A Story of Collaboration and Betrayal in the Anti-Apartheid Struggle

 

Jacob Dlamini

 

London: Hurst, 2015*

Paperback. xi+307 p. ISBN 978-1849045605. £16.99

 

Reviewed by Chantal Zabus

Université Paris XIII-Sorbonne Paris Cité

 

 

 

Divided into fourteen chapters, Jacob Dlamini’s book dismantles our beliefs that apartheid in South Africa was solely a racial struggle between blacks and whites by looking into the interstices of collaboration during the anti-apartheid struggle as of the 1970s. Dlamini, a Research Fellow at Harvard University who grew up in a township on the Witwatersrand, does so by showcasing the story of Glory Lefoshie Sedibe who, at age 24, joined the 12,000 or so freedom fighters of the then outlawed ANC (African National Congress) in the wake of the 1976 Soweto riots. The question raised by this book is why this young anti-apartheid insurgent, born in Eastern Transvaal and educated by Lutheran missionaries, who chose exile when he crossed to Swaziland in 1977, became, a decade later, an apartheid agent.

In 1986, Sedibe, who had been appointed Head of ANC’s Military Intelligence for the Transvaal in Swaziland, was abducted and after being “turned” through torture, he defected to the Security Branch of the South African Police (SAP) and was made into a counterinsurgent. He was trained, at first as a new recruit at Vakplaas, a notorious police death-squad base west of Pretoria, then in East Germany and later, in the Soviet Union, three years before he was kidnapped and became a defector. Dlamini deftly charts these changes that transformed Sedibe “from resister to collaborator, revolutionary to counterrevolutionary and, in the eyes of the ANC, hero to traitor” [71].

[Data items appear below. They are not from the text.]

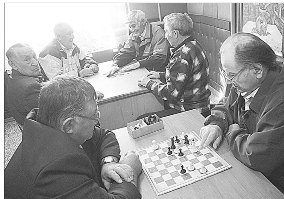
Шах и мат... унынию и возрасту.

Задать интересующие вопросы о поверке приборов учёта холодной воды можно специалистам соответствующего отдела дирекции по сбыту ООО «РВК-Воронеж» по телефону: 260-54-23, 260-54-44.
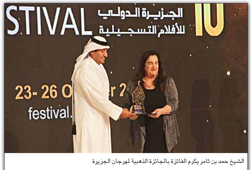
الشيخ حمد بن ثامر يكرم الفائز بالجائزة الذهبية لمهرجان الجزيرة

إشادة المشرفين على الحدث في دورته العاشرة. ويحكي الفيلم رحلة عبر الحياة اليومية لمواطني فرنسيين عاشوا في فلسطين التاريخية عامي 1930 و1952. وقال رئيس مجلس إدارة شبكة الجزيرة الإعلامية الشيخ حمد بن ثامر آل ثاني في تصريح لـ «القدس العربي» إن مستوى الأفلام المشاركة كان مرتفعاً وهناك جهود طيبة بذلت من قبل القائمين على المهرجان، منوها بالتصوير الذي يحققه المهرجان في كل دورة من دوراته.
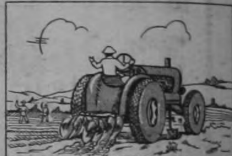
STICA-MINISTERIO DE AGRICULTURA
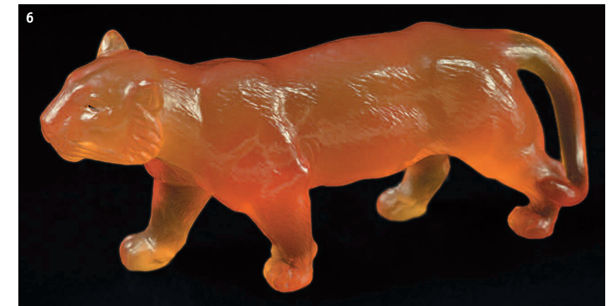
6. Тигр (сердолик). 5.1 x 2.8 x 2.3 см. Россия. Конец XIX – начало XX в. ПМ1316.
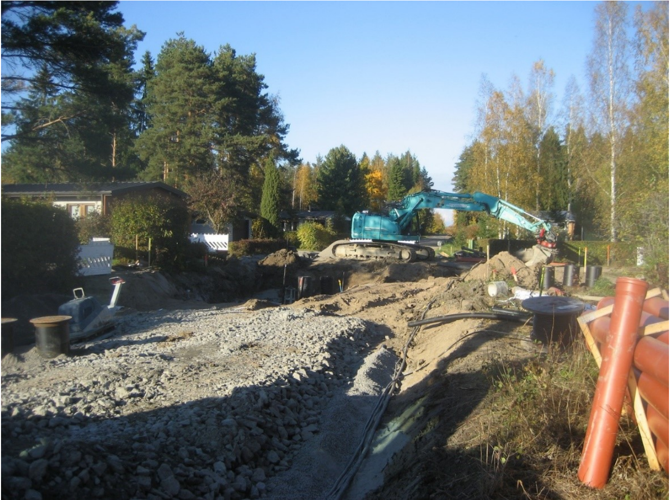
Kadun- ja vesihuollon saneeraustyömaa.

Tässä valokuvassa näkyy katualueen työmaa. Jokaisella kadulla on oma tilanne, ja kuvan tarkoitus on vain selkeyttää, miltä työmaa suurin piirtein näyttää.
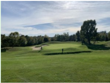
Annäherung Grün Loch 3
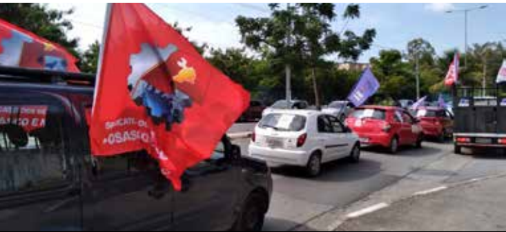
Carreata pediu por vacina e retorno do auxílio emergencial

Dúvidas: auris.imprensa@sindmetal.org.br
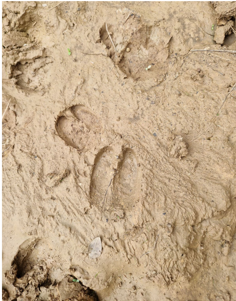
Figura 16 – Impronta di cinghiale ( Sus scrofa )
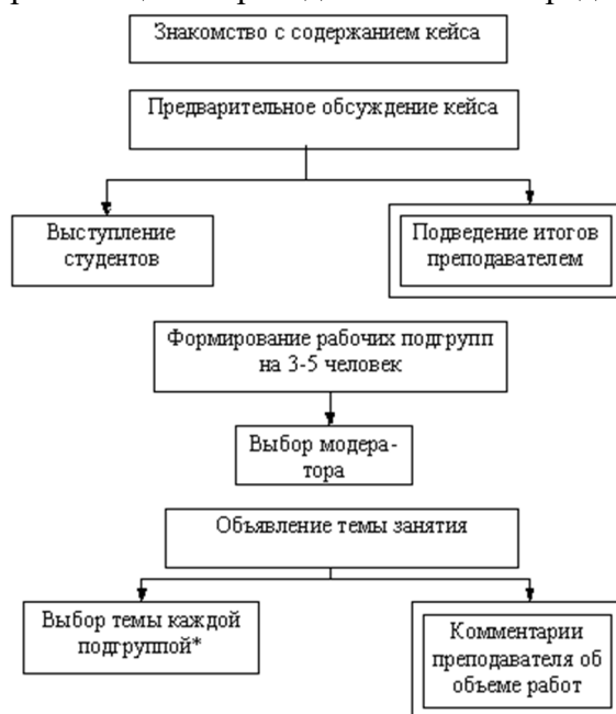
Стадия организации работы над кейсом

Последовательность организации и проведения занятий представлена на рисунках.

Dlamini, however, takes great pains not to pin Sedibe on the ninth and last circle of Dante’s inferno, which was reserved for traitors. His reconstruction of Glory Sedibe is admittedly arduous, for Sedibe’s personality was as complex as it was elusive. Sedibe goes by many noms de guerre—Comrade September, Lucky Seme and Wally Williams—while working as a commander of MK (Umkhonto we Sizwe), the ANC’s armed wing. He ultimately became what Justice Henry Daniels named him, Mr X1, then a “rehabilitated terrorist” [35] who took the stand in 1988 in what turned out to be the most riveting political case since the 1963-1964 Rivonia Trial, in which Nelson Mandela was sentenced to life on Robben Island.

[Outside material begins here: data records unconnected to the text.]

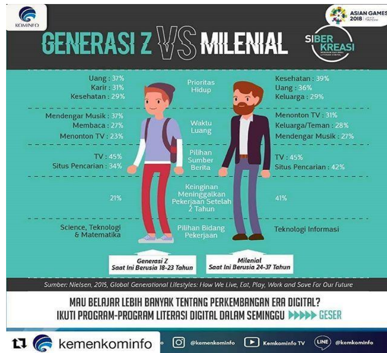
Gambar 1. 1 Perbedaan Generasi Z dan Y
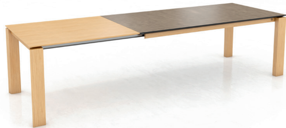
OXFORD PB1 - with extension
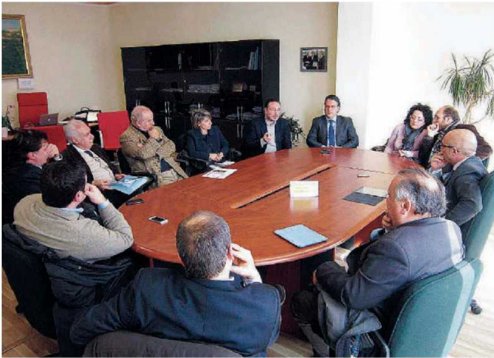
I sindaci del Reventino all'incontro di ieri con il direttore generale dell'Asp Gerardo Mancuso
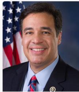
Raúl Labrador Idaho
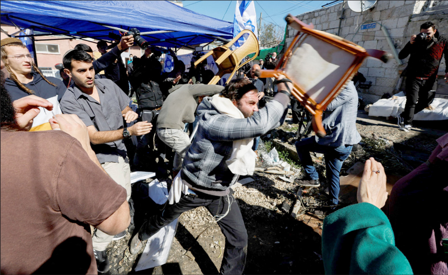
مستوطنون يعتدون على أهالي الشيخ جراح

التهودي في المدينة المقدسة لتكريس ضمها لدولة الاحتلال وفصلها تماما عن محيطها الفلسطيني، بما يؤدي إلى قطع الطريق نهائيا أمام الحلول السياسية للصراع، وحسم مستقبل المدينة من جانب واحد وبقوة الاحتلال. وحذر رئيس دائرة شؤون القدس في منظمة التحرير عدنان الحسيني، من خطورة مخطط عضو الكنيست المتطرف بن غير باعادة فتح مكتب له في حي الشيخ جراح، مؤكدا أن ذلك سيفشل بفعل صوت أهل القدس وأهالي الحي. وأضاف الحسيني أن الاحتلال يقوم بتزوير الأوراق في حي الشيخ جراح، تمهيدا لإخلاء الحي من المواطنين وإحلال المستوطنين مكانهم.
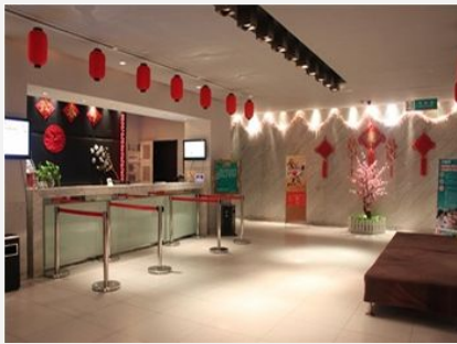
锦江之星 (海口东风桥店)

简介: 锦江之星 (海口东风桥店) 位于海口市美兰区文明东路, 近白龙路口, 周围交通便捷, 距最繁华的海秀东路仅 3 公里。酒店拥有干净整洁的标准房、单人间、商务房共 283 间, 提供 24 小时热水、空调、电视、电话、和免费宽带上网。
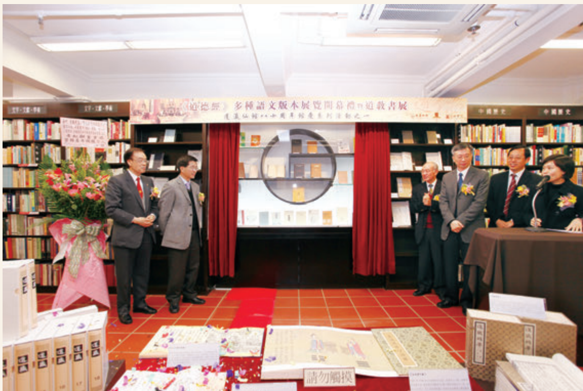
◎ 舉辦《道德經》文化展覽
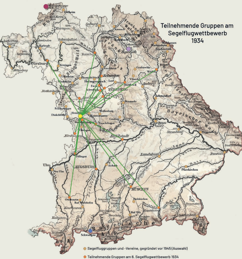
Teilnehmende Gruppen am Segelflugwettbewerb 1934
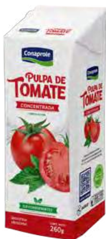
Pulpa de Tomate Cont. Neto 260 grs
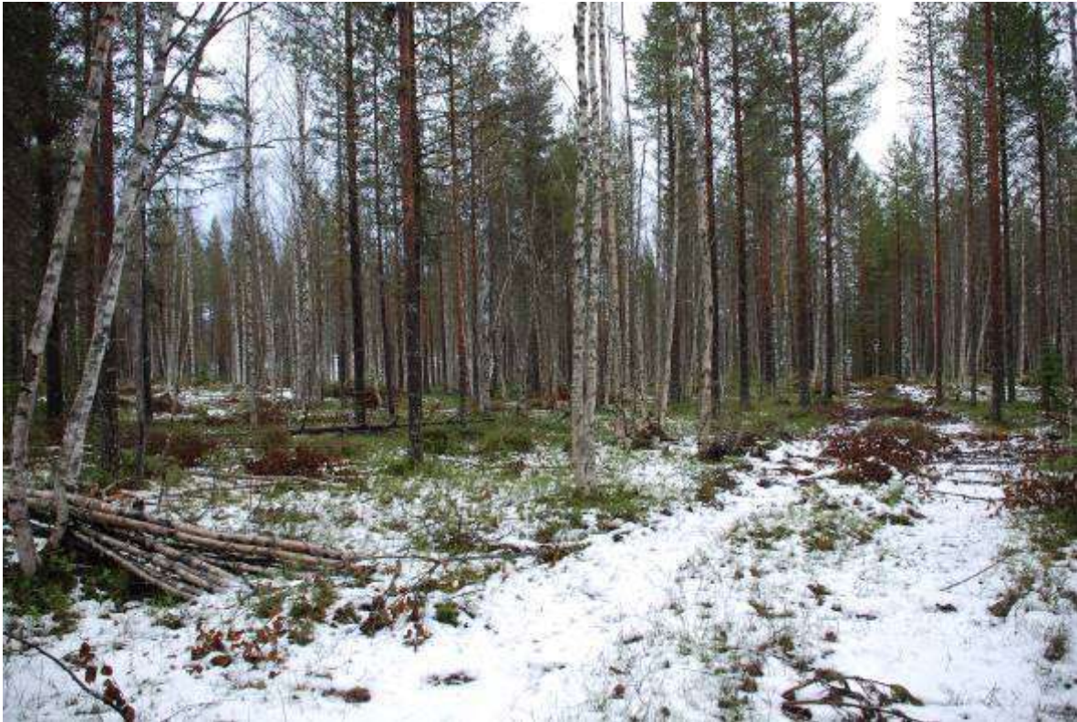
Fäbodvallen är gallrad och man ser att marken har varit brukad.

The singularity of Dlamini’s approach, focusing on one man, lies in the word, used in the singular, Askari. It provides the title and, in foregrounding an indigenous African word, the book is on a par with, say, Marc Epprecht’s Hungochani, used thus  in Shona to avoid the loaded term “homosexuality” in his study on sexual dissidence in Southern Africa.(1) Meaning police in KiSwahili, from an Arabic borrowing that “historically meant soldier, policeman, guard” [36], askari entered South Africa’s lexicon of terror in the 1970s. Askari then referred to members of ANC or PAC (Pan Africanist Congress) who, through voluntary defection or torture, had switched sides, which inexorably conjures up the idea of traitor. The word for “traitors” or “spies” is in Nguni Izimpimpi (singular: impimpi) and in Zulu amaMbuka. We are not told what “traitor” is in Pedi, Sedibe’s native tongue, which he chose not to use during his own trial, preferring “broken Zulu”. Eugene de Cock, the lugubrious Afrikaner commander at Vakplaas, never considered him a “traitor” [40] as he did other askaris, nor an impimpi [91], for he remained convinced of Sedibe’s pro-ANC politics. Almond Nofomela, a high-school drop-out who joined the SAP in 1979, never considered himself “an askari” [41]. Askaris can be “turned” and “re-turned”, as Sedibe himself considered returning to the ANC fold in the year of his death in Pretoria in 1994. Askari is also the name of a project that got disbanded by President F.W. de Klerk in 1993. Despite all these terminological nuances, Dlamini slots Sedibe as an askari on the grounds that he identified and helped (sometimes overzealously) capture and murder ANC activists and, more largely, helped “drive [the ANC] out of Swaziland” [89]. In his stern stance, Dlamini is, however, eager to find a niche for Sedibe in the midst of these definitional gaps signaled by the cohabitation of KiSwahili and English in the book’s very title.

Despite the singular approach, Dlamini indeed takes great pains to locate Glory Sedibe and other askaris’“story of collaboration and betrayal”, as the subtitle indicates, against South Africa’s larger historical production of collaborators, turncoats, and double agents before the James Bond series endowed the double agent with a carapace against remorse and a capacity for romance. That history stretches back to earlier clashes between African peoples and the European settlers such as the British use of Zulus against the Zulu kingdom or the verraiers and ‘Judas brothers’ among the Boers in the South African war of 1899-1902. However, one senses that “collaboration” and “betrayal” loom larger when it comes to the Apartheid era. Dlamini also locates abductions such as Sedibe’s alongside arbitrary detentions and assassinations against the earlier “total strategy”, the brain child of French military strategist André Beaufre; the contemporaneous repeal of laws requiring blacks to carry passes; and the broader “state of emergency” declared by then President P.W. Botha in 1986, the same year of Sedibe’s abduction.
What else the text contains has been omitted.